- ABOUT THIS TASK:
With pictures left out, write out exactly every line from the start of the data through the one that contains "Indoors there are".
*** DATA SHOWN ***
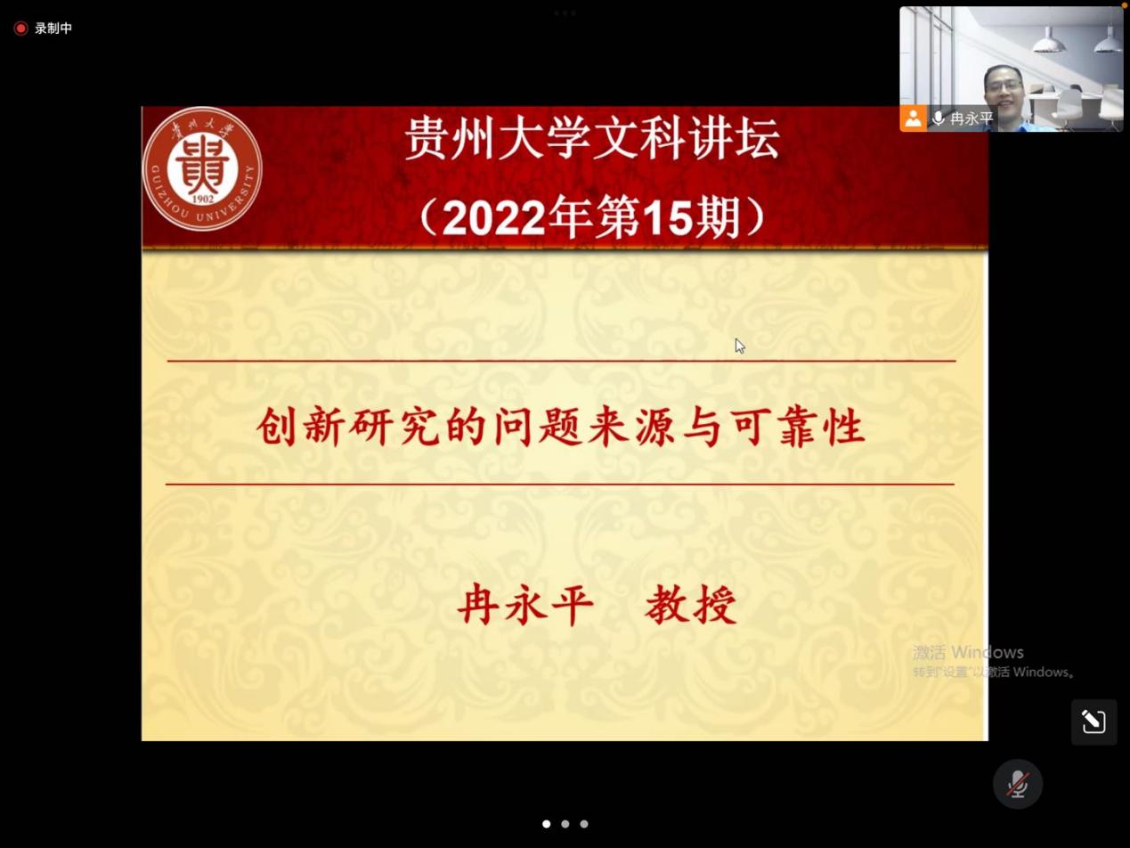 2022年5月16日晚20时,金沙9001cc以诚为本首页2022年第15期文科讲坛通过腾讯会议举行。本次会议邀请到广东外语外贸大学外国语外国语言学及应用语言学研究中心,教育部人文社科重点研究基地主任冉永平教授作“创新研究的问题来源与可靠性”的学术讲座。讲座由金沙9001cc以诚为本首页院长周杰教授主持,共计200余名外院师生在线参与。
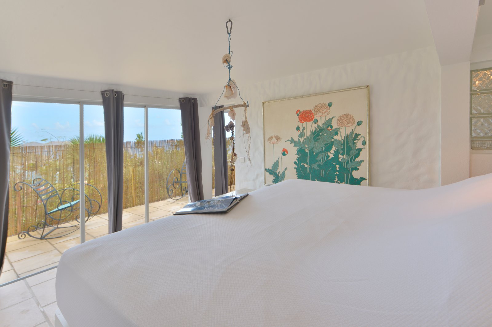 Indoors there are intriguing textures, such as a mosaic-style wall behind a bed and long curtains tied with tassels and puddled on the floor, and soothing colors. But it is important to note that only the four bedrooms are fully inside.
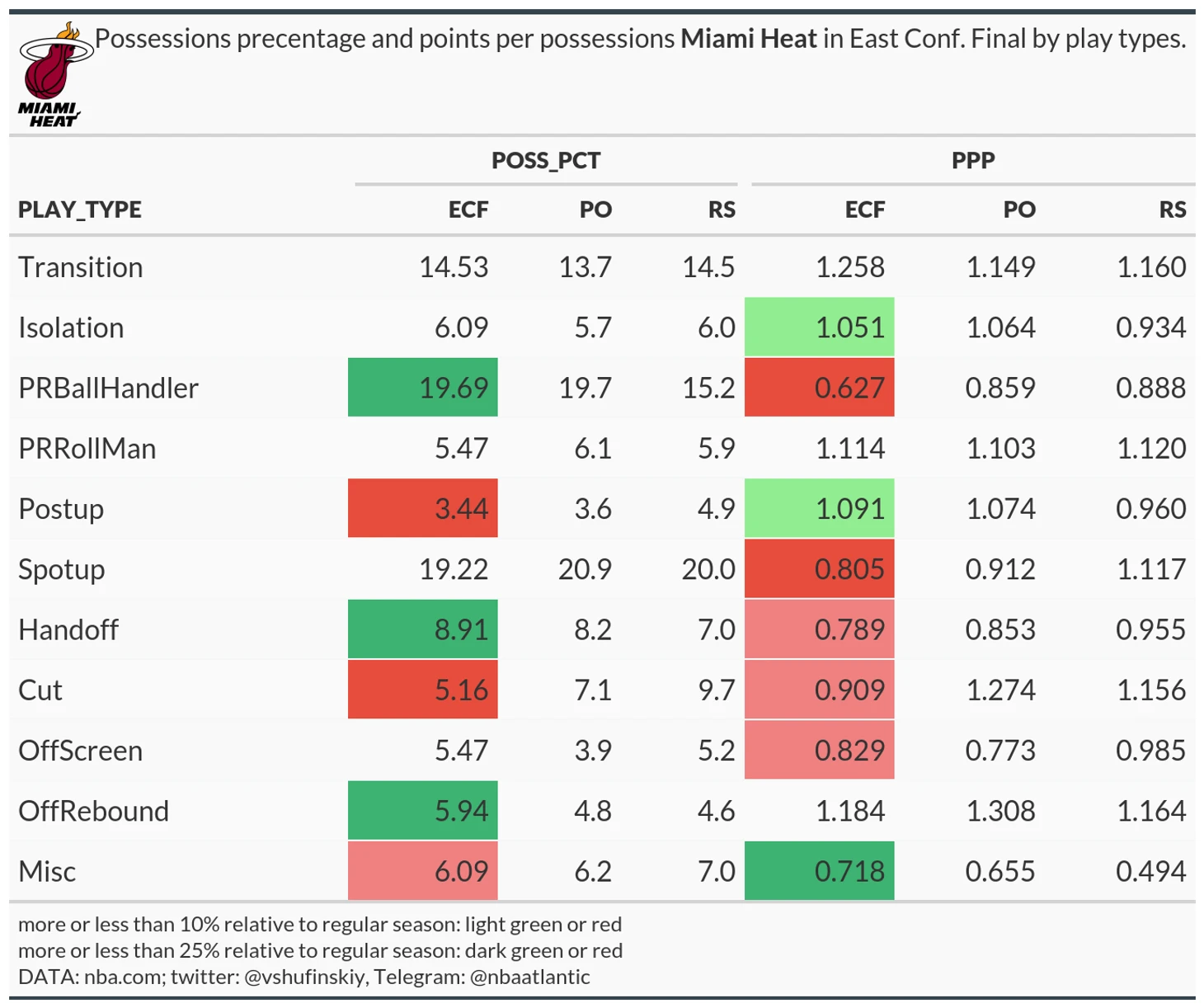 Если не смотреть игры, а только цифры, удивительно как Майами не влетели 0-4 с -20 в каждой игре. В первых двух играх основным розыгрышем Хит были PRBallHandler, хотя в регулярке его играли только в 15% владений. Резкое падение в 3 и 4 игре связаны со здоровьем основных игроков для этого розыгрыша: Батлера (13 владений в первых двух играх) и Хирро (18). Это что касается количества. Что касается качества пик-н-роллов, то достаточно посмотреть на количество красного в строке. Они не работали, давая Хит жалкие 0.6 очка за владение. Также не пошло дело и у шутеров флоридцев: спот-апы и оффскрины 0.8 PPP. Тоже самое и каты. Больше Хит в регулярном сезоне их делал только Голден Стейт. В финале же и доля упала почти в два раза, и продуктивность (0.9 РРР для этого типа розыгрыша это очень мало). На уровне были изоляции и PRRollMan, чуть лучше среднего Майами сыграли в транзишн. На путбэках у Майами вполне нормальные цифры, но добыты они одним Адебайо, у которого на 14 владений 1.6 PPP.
***
- ANSWER AREA:
 2022年5月16日晚20时,金沙9001cc以诚为本首页2022年第15期文科讲坛通过腾讯会议举行。本次会议邀请到广东外语外贸大学外国语外国语言学及应用语言学研究中心,教育部人文社科重点研究基地主任冉永平教授作“创新研究的问题来源与可靠性”的学术讲座。讲座由金沙9001cc以诚为本首页院长周杰教授主持,共计200余名外院师生在线参与。
 Indoors there are intriguing textures, such as a mosaic-style wall behind a bed and long curtains tied with tassels and puddled on the floor, and soothing colors. But it is important to note that only the four bedrooms are fully inside.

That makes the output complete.